Погрев ладонь о ладонь, с огромной осторожностью взял девочку за цыплячью шею. Почему я это делаю? Зачем? Чему удивлен? В этом мире дети мрут, как мухи. У этого ребенка инфекционное заболевание съело половину легких, и её иммунитет уже не справляется. Но дело не в этом. Дело не в дочери лавочника. Важно, что со мной. Почему мне не безразлично? Зачем я хочу, чтобы эта девочка жила? Я сам убил много народа в прежнем мире, и в этом. Наверняка много ещё прикончу. Люди рождаются и умирают. Такова судьба. Чужая ли жизнь, моя собственная, никогда не представляла для меня особой ценности. Какое мне дело? Но желание внутри меня. Оно так сильно, что, если Шлойме решит, что я угрожаю его дочери и попытается размозжить мне череп – ничего не получится. Я сильнее его, сильнее любого в этом городе, хоть всех собери – никто меня не остановит. Почему?

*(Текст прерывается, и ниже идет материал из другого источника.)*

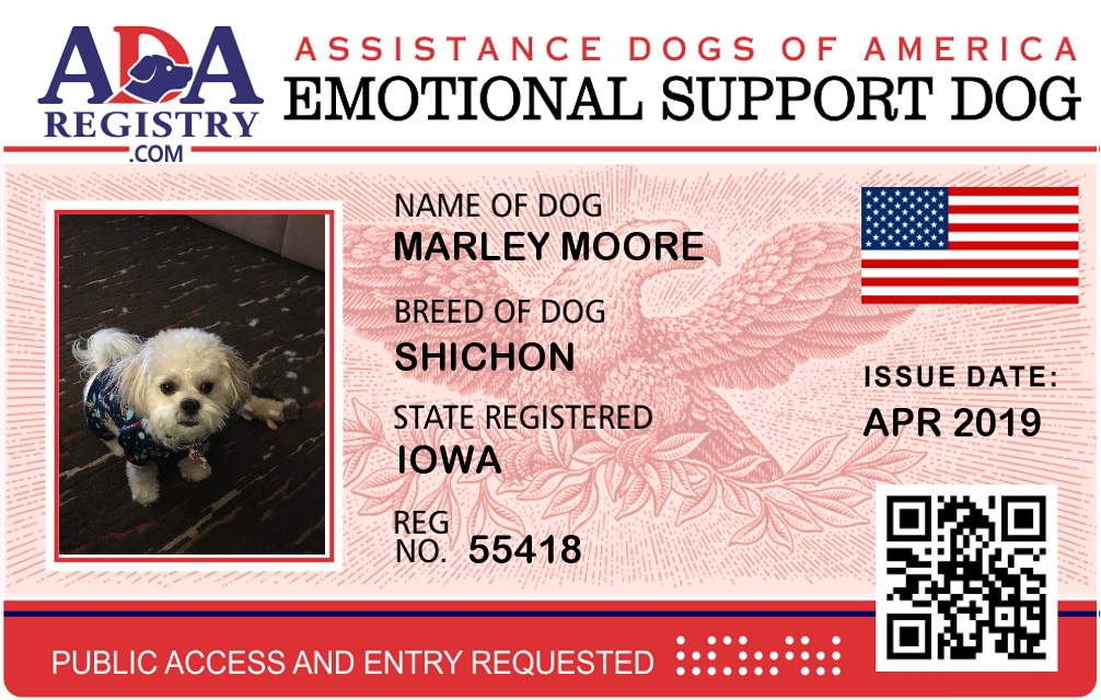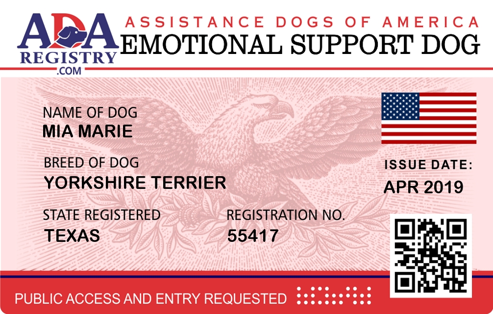 Emotional Support Dog Registration for Mia Marie

Надо мной лилась тихой музыкой проникновенная еврейская молитва. Лечение. Жизненные силы текли рекой. Запущена регенерация тканей. Иммунитет из горстки необученных погибающих крестьян превращался в кованную булатом гвардию численностью с войско крестоносцев. Органы проснулись ото сна, сердце заработало сильнее и уже требует питания для роста. Кровь омывает воспаленные участки, легкие гонят кислород, организм налит тугой упругой силой. Всё. Теперь нет больше такой инфекции или воспаления, чтобы остановят жизнь в худеньком тельце девочки.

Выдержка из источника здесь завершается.